Juno reveals dozens of lake lakes on Jupiter’s moon io


Jupiter’s moon Io, the most volcanic body active in the solar system, is filled with hundreds of explosive volcanoes. High -resolution images now discover several tens of lakes, researchers report in February Geophysical Research Newspaper: Planets. These lakes are much larger than their analogs on Earth, and their structure sheds light on how magma moves under the surface of IO.

The volcanic of Io-cannon present over the entire existence of 4.6 billion years of the moon-was discovered when the Voyager spaceship flew until 1979. Volcanic activity is caused by the great gravitational attractions of Jupiter and nearby moons, which deform from tens of meters. “This squeezing is warming the body,” says Alessandro Mura, a planetary scientist at the National Institute of Astrophysics in Italy in Rome.

Using infrared images from NASA’s Juno spaceship, which has orbited Jupiter since 2016, the Mura team showed more than 40 lakes ranging from about 10 to 100 kilometers. This is much larger than the lava lakes found on Earth, which tend to measure tens in hundreds of meters throughout.
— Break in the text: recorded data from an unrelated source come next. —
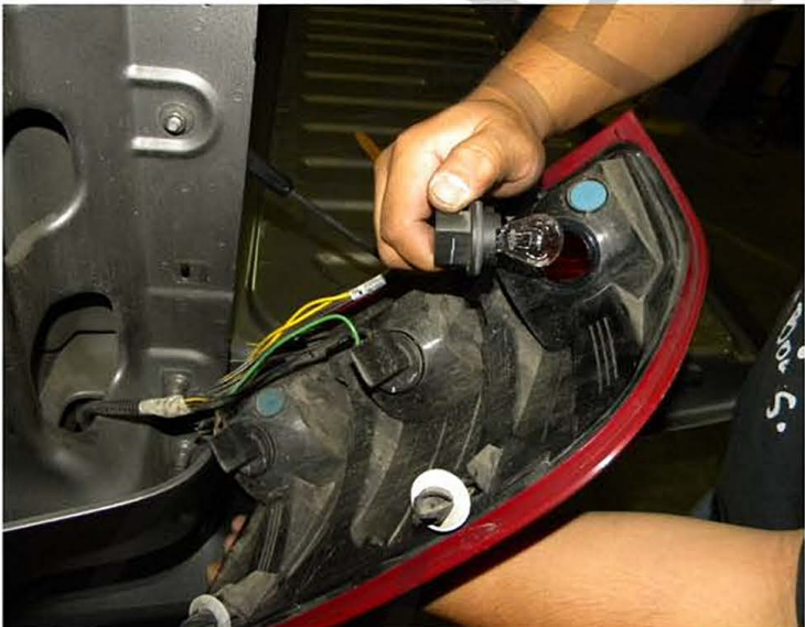
3. Remove the harness and bulbs from the tail light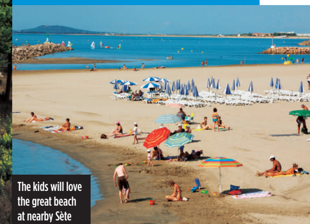
The kids will love the great beach at nearby Sète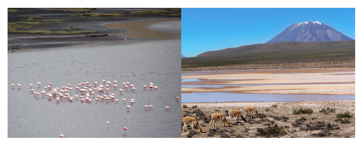
DAY 4: AREQUIPA / COLCA CANYON

We'll have a full day visit to the Salinas and Agua Blanca reserve. April is the tail end of the rainy season and with luck, we'll still see many flamingos). During the rainy season, this reserve is home to thousands of flamingos (3 species). Besides flamingos, there is a large variety of birds and other animal life, especially wild Vicuñas. Misti and other volcanoes tower above this pristine and tranquil reserve. Box Lunch is included. Remainder of the day free to explore Arequipa on your own. Overnight in Arequipa at Posada del Monasterio). Free for dinner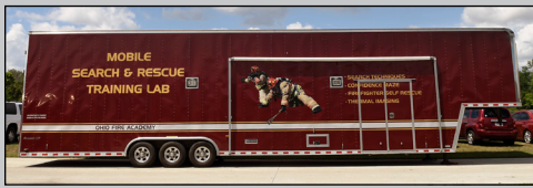
Mobile Search & Rescue Training Lab

The OFA Close to Home series brings training to students while offering the same expert instructors and the Academy's extensive range of apparatus, equipment and training simulators. To better manage time and resources, students can select from a range of courses taught at a location and time near them. Close to Home has three delivery types: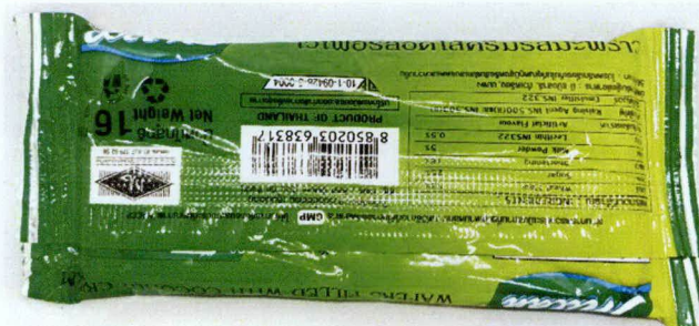
Figure 3. Unregistered MILAN Wafers Filled with Coconut Cream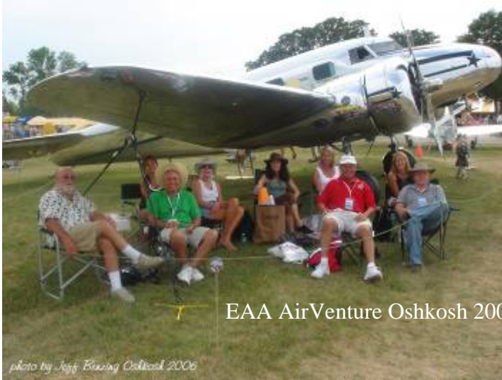
EAA AirVenture Oshkosh 2006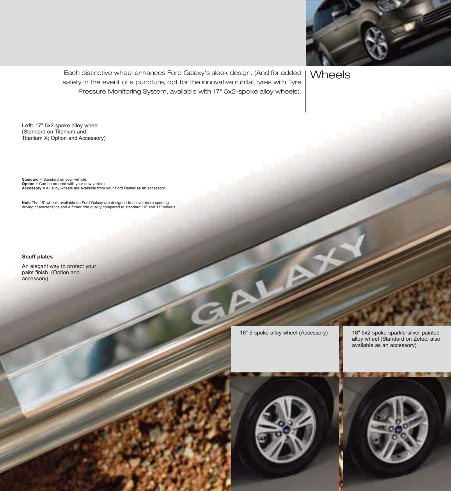
16" 5-spoke alloy wheel (Accessory)

An elegant way to protect your paint finish. (Option and accessory)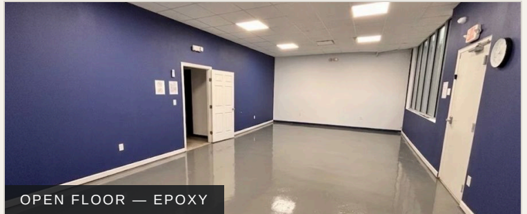
OPEN FLOOR — EPOXY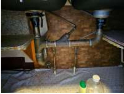
Pic. 19: Sink drain leaking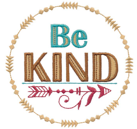
12731-03 Be KIND 4.53 X 4.53 in. 115.06 X 115.06 mm 12,732 St.

Listings below indicate color sample, stitching order and suggested thread color number. Most numbers indicate Isacord thread. Colors beginning with 7 refer to Yenmet Metallic and 9 refer to Isacord Multicolor Variegated.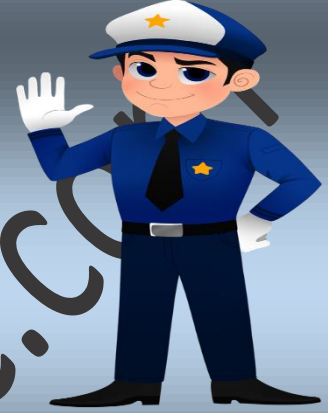
Police – شرطة (shurta)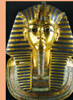
Tutankhamun's death mask.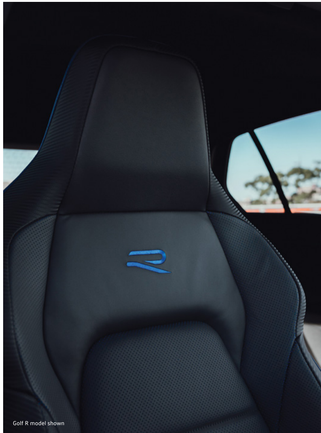
Golf R model shown

S Standard O Optional Extra P Available as part of an optional package — Not available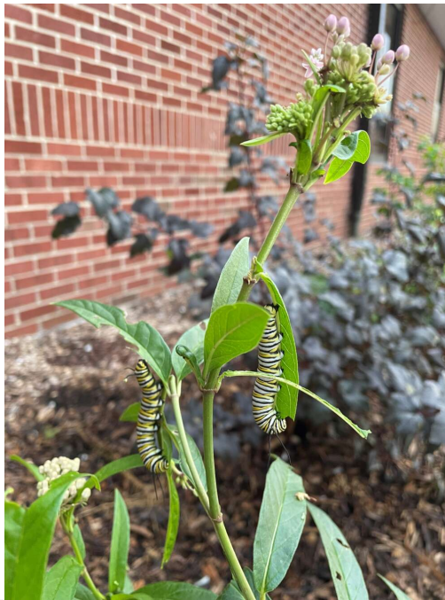
Monarch caterpillars dining in the "Administrators Garden" at Carlinville High School near the Carlinville High School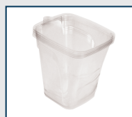
PAINT CUP LINER Model AC27-L

Ask your Sales Representative for details and availability.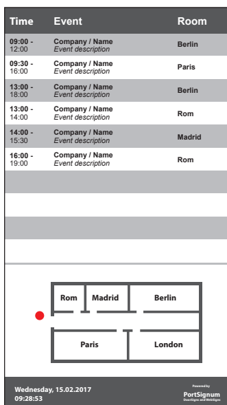
Layout for portrait with floor plan. Display of 10 events.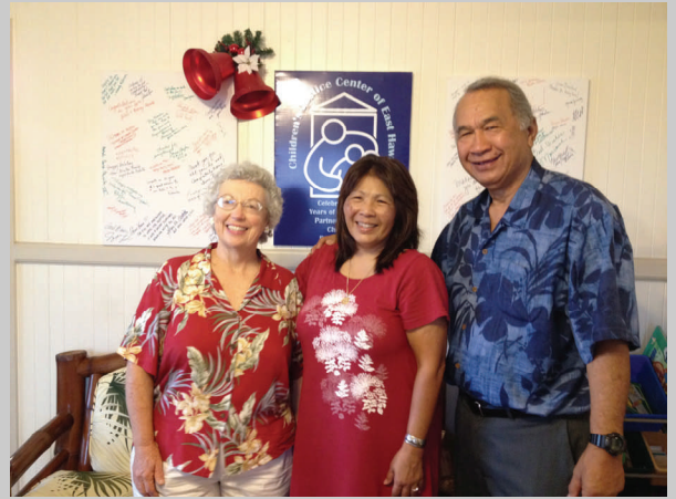
Senator Kahele at the Children's Justice Center of East Hawai'i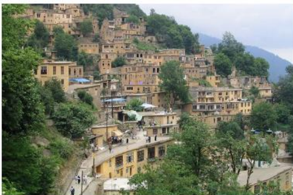
Figure 18. City View of Masuleh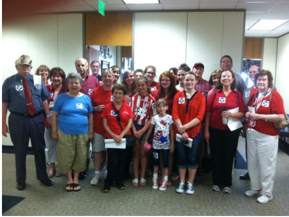
It was a Wonderful Wednesday when the Freedom Works gang came to visit.

One of the highlights of serving in Raleigh is being able to welcome friends from home to their office - Rm 533 in the LOB.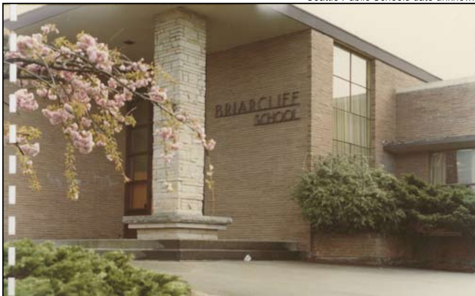
The Johnson Partnership, August 2012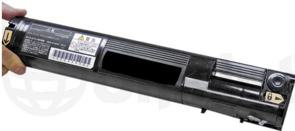
EPSON LP-S5000 TONER CARTRIDGE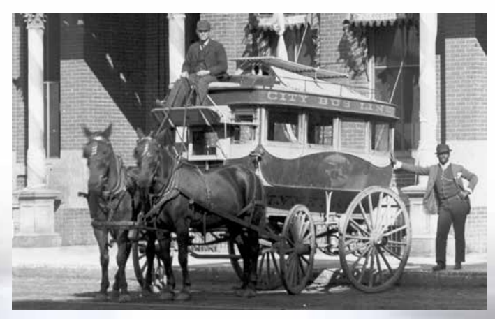
Stagecoaches were an early form of public transportation in lowa.

The railroad crossing surface program provides funding to rebuild crossing surfaces, through a cost sharing program with costs split by formula between the state, railroad and highway authority. Additionally, grade crossing surfaces on primary highways are rebuilt cooperatively with railroad and lowa DOT personnel and equipment.

Volcanic activity and lava flows are known to be the most extreme in other worlds, says Einat Lev, a volcanologist at the Lamont-doherty Observatory of Columbia University in Palisades, NY, which was not involved in the research. “Many planetary flows are much larger” than that of Earth, she says.

Previous studies have reported lake lakes in IO but with limited details, marks Mura and colleagues. Researchers found that most newly analyzed laundry lakes are hotter in their perimeters. This suggests that these lakes are largely captured by a cooler crust of hardened lava.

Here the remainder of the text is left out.